Длинные белые руки Оттокара барабанят по подоконнику. Слабый ветер колышет флаги снаружи и наполняет воздух однообразным шорохом.
– А что вы будете делать, доктор? Тоже сбежите отсюда?
– Я нет. Мой побег будет побегом из страха. Я воспитатель, Оттокар. Пока мне еще дано учить молодых людей, мне просто запрещено бежать. Остаться в этом аду, хранить молодые души – мой долг.
– И я не могу бежать отсюда, доктор.
– Твой долг – бежать. Твой долг завершить великое творение. Уезжай отсюда, Оттокар, уезжай на просторы мира. Твоим творением – скульптурой Гете – ты покажешь людям в мире, что есть еще и другая Германия.
Не слышно голоса, только трепыхание флагов на окнах домов и шум улицы, врывающееся в безмолвие комнаты. Рука Оттокара касается чашки, стоящей на подоконнике. Из дома напротив опять выходит привратник с кистью и ведерком краски. Слово «юде» потерлось от ударов камней, и привратник обновляет его черной краской. На этаже, над рестораном, открывается окно, к которому также прикреплен флаг со свастикой. Женщина наклонилась над улицей, вытряхивает простыню. Красный флаг со свастикой и белая простыня вздымаются на ветру.
– Не сдавайся, Оттокар, – призывает его доктор, – не сдавайся.

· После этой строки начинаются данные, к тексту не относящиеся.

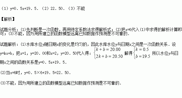 (1)请建立该水库水位y与日期x之间的函数模型;

Звуки заполняют квартиру доктора. Экономка включила радио – послушать обычно передаваемые утром мелодии. Старые народные песни снова вошли в моду.
Рука привратника тщательно выводит очертания букв, а перед взором Оттокара серые жалюзи прикрывают в его студии древнего бога Триглава.
«Юде!»
Слово пишется на обнаженной спине Иоанны. Весь воздух вокруг вырезан из ткани ее серой рубашки. Иоанна в его студии поет. И голос ее отчеканивает ноты на пустом лике древнего бога.
«Юде!»
Привратник завершил свое дело и добавил к слову черной краской восклицательный знак. Добавил две свастики с двух сторон слова, которое выглядит, как в заключении. Две свастики – идея привратника, его творческий вклад, и он этим весьма доволен. Поигрывает кистью и исчезает в доме.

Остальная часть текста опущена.